Il suivit enfin le pêcheur dans sa barque. Au cours de la traversée, ils échangèrent peu de paroles.

Goha pénétra dans la ville. Des quartiers solitaires, il passa aux quartiers populeux. Bientôt il longea les échoppes, les maisons, les mosquées connues depuis l’enfance, il vit surgir de tous côtés des visages indifférents ou hostiles. Il en éprouva de la déception et du malaise. Au coin d’une rue, des ouvriers, assis en rond par terre, l’interpellèrent.

— Viens nous dire si ce qu’il nous raconte est vrai, s’écria l’un.

Ambar, le maçon, qui était ainsi mis en cause, ajouta :

— Je leur raconte justement l’histoire de la casserole…

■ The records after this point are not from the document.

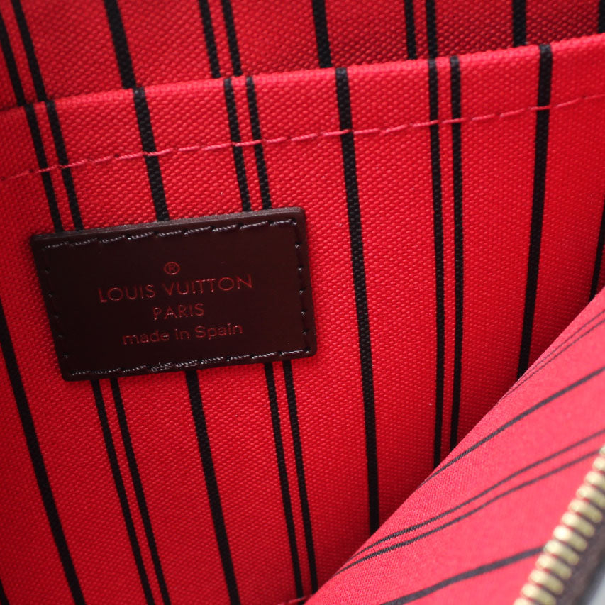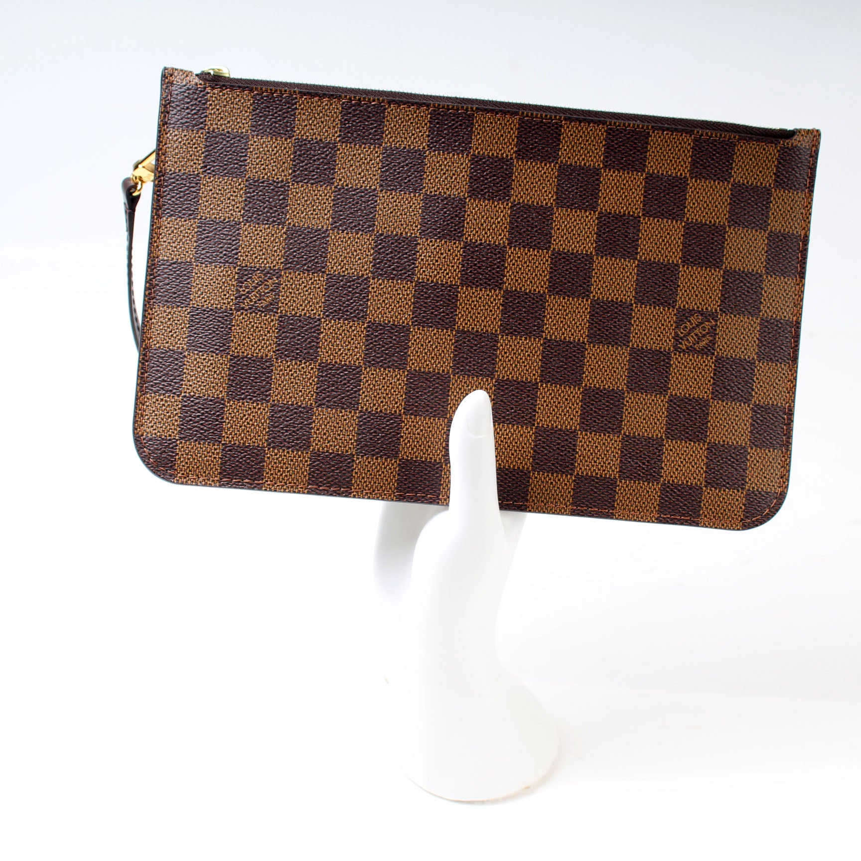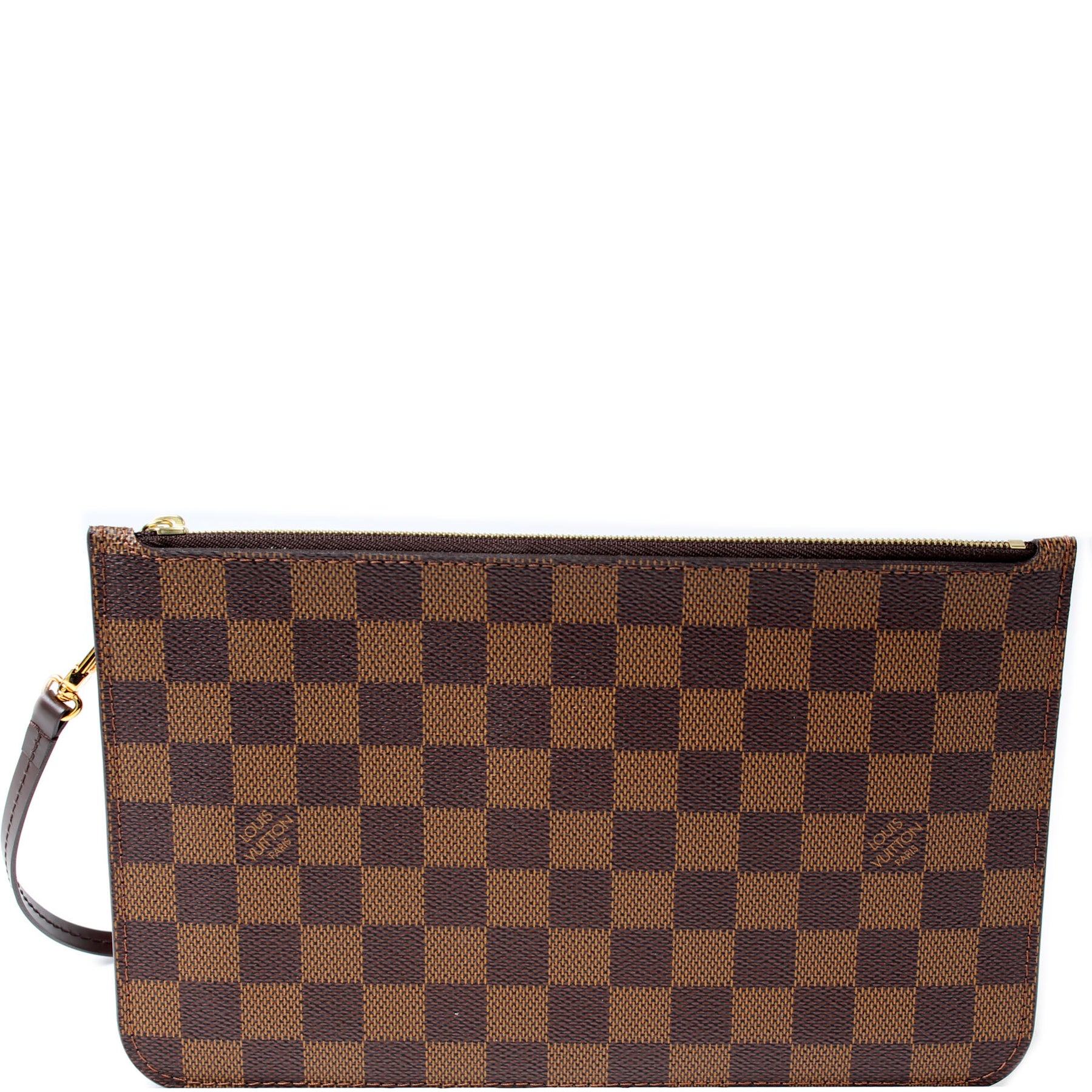 This pre-owned Louis Vuitton Pochette Only Neverfull is guaranteed 100% authentic. The exterior is in the classic Louis Vuitton Damier Ebene coated canvas.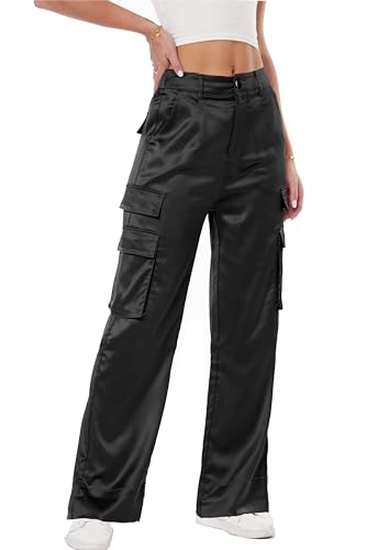 HOT ! Women's Wide Leg Cargo Pants Satin Silky Casual High Waist Y2K Baggy Cargo Pants Combat Military Trouser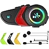 Altavoces para casco de motocicleta FEYA, auriculares de casco con alta duración de batería, control de música con contestación automática/llamada IPX6, ruido inteligente/despertar Siri, 2 tipos diferentes de micrófono - Compatible con todos los cascos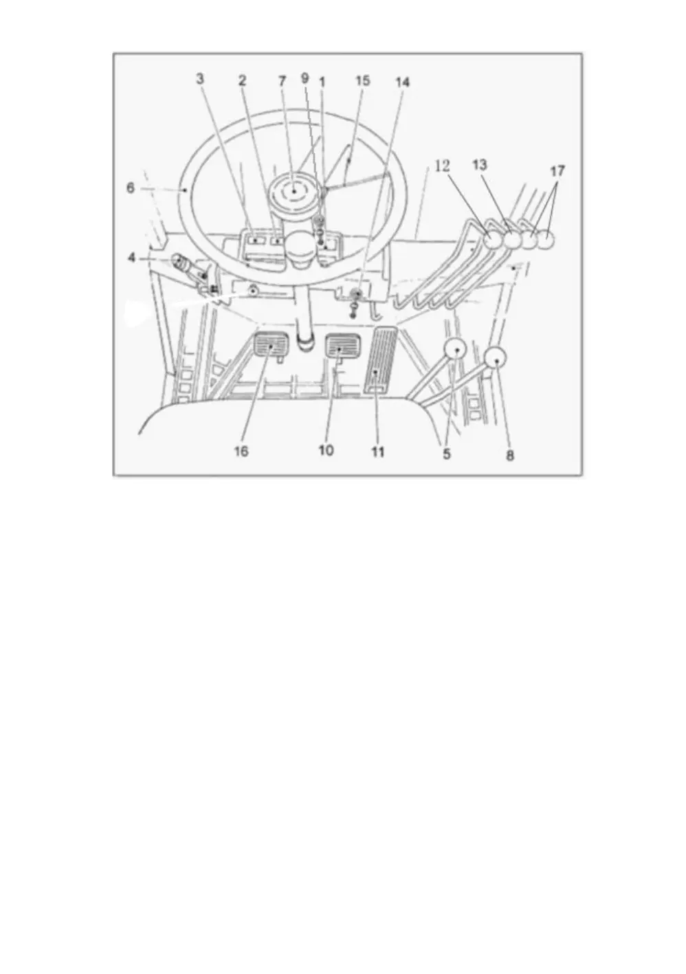 4. Parking brake handle 10. Braking pedal 16. Clutch switch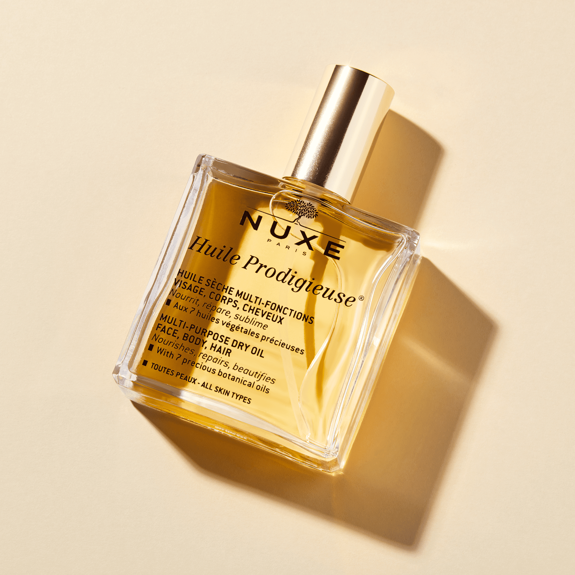 NUXEのプロディジューオイルは、7種の植物オイルを使用した98.1%自然由来成分配合です。 つけた瞬間に髪の隅々まで浸透し、オイルなのにベタつきない独自のドライオイル処方です。 [使用方法] ●10円玉大ほど手に取り、毛先を中心に髪全体になじませます。 (濡れた状態の髪になじませるとより乾燥を防ぎます) ●シャンプー前の集中ヘアパックとして、乾いた髪に塗布し、数分おいた後 シャンプーしてください。タオルラップなどをしていただいても効果的です。 ●ヘッドスパとして、シャンプー前の頭皮マッサージにもご使用いただけます。 ●お湯を張ったバスタブに適量溶かすと、ほのかの白濁した柔らかお湯となり、 アロマの香りで肌を潤す入浴剤となります。 また、NUXEのプロディジューオイルは髪の毛だけではなく顔、体にも使え、バスオイルにも使えるマルチ美容オイルなので使用用途は様々です。

Mais Goha ne fit que les saluer de loin. Les ouvriers lui lancèrent des pierres, puis le cercle se resserra.

— Tu nous disais que la veille de Cham-el-Nassim Goha avait besoin d’une casserole…

— Il avait besoin d’une casserole, dit Ambar, et il alla la demander à son voisin Abd-Allah.

— Abd-Allah ! Je le connais, interrompit l’un des ouvriers. Il fait le commerce des peaux de moutons.